▶ Directions for this task:
What you return must match the records word for word, except that images are dropped.
━━━━━━━━━━━━━━━━━━━━
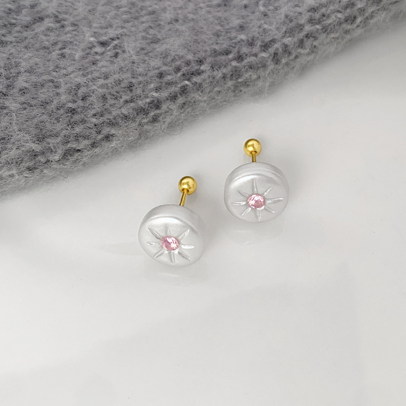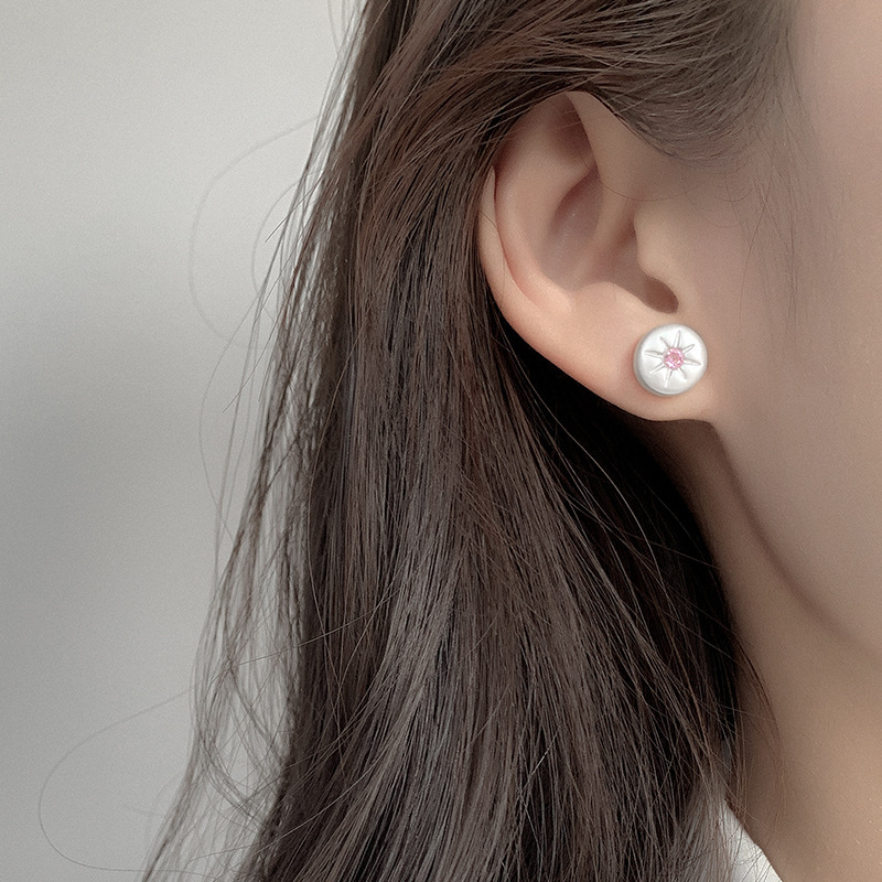| Color | Pink diamond octagram stud earrings |
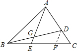 解答 解:作DF∥AE交BC于F,∵DF∥AE,G为BD的中点,∴BE=EF,∵DF∥AE,AD=2CD,∴EF=2FC,∴BE:EC=2:3.
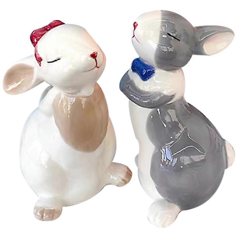 Cute Ceramic Bunny Figurines 3 Pairs Tabletop Animal Decor For Home Office 6Pcs
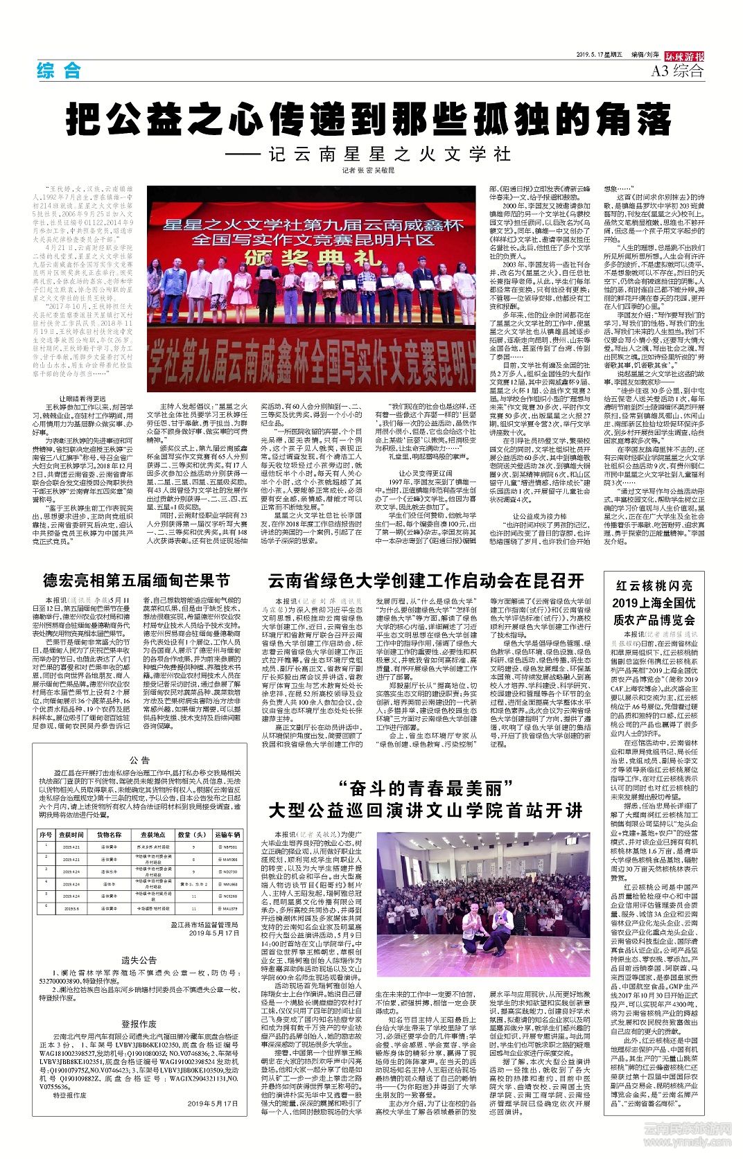 據(jù)了解,本次大型公益演講活動一經(jīng)推出,就收到了各大高校的熱捧和邀約,目前中醫(yī)院大學、曲靖農(nóng)校、云南國土資源學院、云南工商學院、云南經(jīng)濟管理學院已經(jīng)確定依次開展巡回演講。(文章來源環(huán)球游報2019年5月17日第1187期A3版)
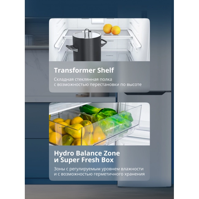 В сосуде Hydro Balance Zone с регулируемым уровнем влажности и с возможностью герметичного хранения, овощи, фрукты и зелень сохраняют свой вкус и сочность намного дольше
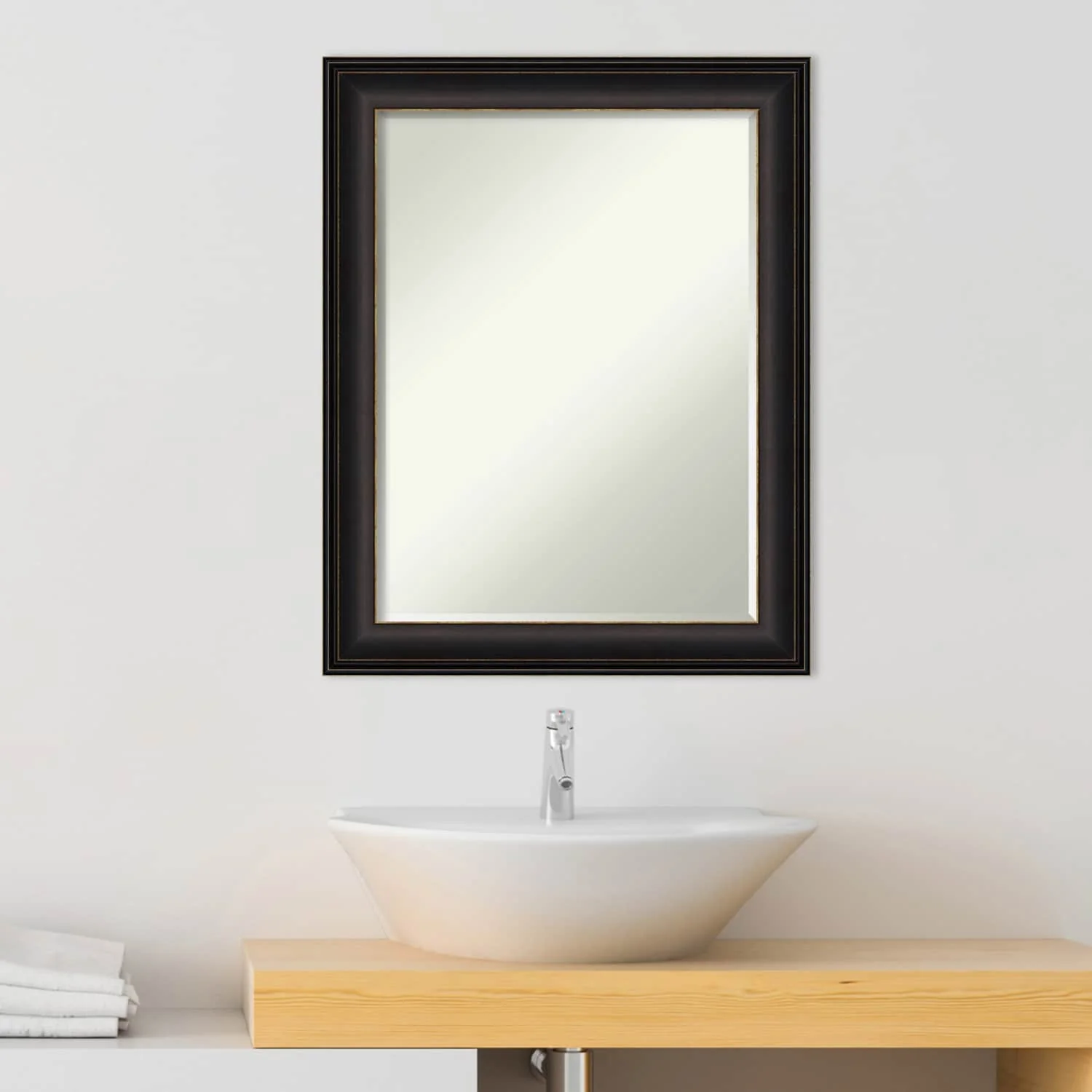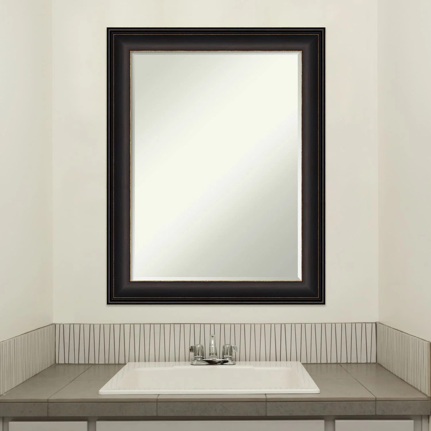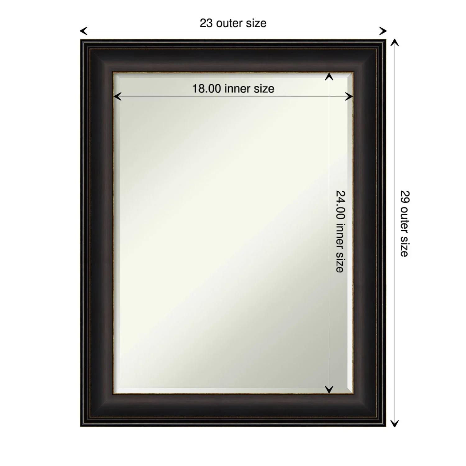 - MIRROR DETAILS: This mirror features premium glass for a clear, undistorted image and is finished with a petite 1/2-inch beveled edge which is more delicate than a traditional bevel.
━━━━━━━━━━━━━━━━━━━━
▶ Output:
| Color | Pink diamond octagram stud earrings |
 解答 解:作DF∥AE交BC于F,∵DF∥AE,G为BD的中点,∴BE=EF,∵DF∥AE,AD=2CD,∴EF=2FC,∴BE:EC=2:3.
 Cute Ceramic Bunny Figurines 3 Pairs Tabletop Animal Decor For Home Office 6Pcs
 據(jù)了解,本次大型公益演講活動一經(jīng)推出,就收到了各大高校的熱捧和邀約,目前中醫(yī)院大學、曲靖農(nóng)校、云南國土資源學院、云南工商學院、云南經(jīng)濟管理學院已經(jīng)確定依次開展巡回演講。(文章來源環(huán)球游報2019年5月17日第1187期A3版)
 В сосуде Hydro Balance Zone с регулируемым уровнем влажности и с возможностью герметичного хранения, овощи, фрукты и зелень сохраняют свой вкус и сочность намного дольше
 - MIRROR DETAILS: This mirror features premium glass for a clear, undistorted image and is finished with a petite 1/2-inch beveled edge which is more delicate than a traditional bevel.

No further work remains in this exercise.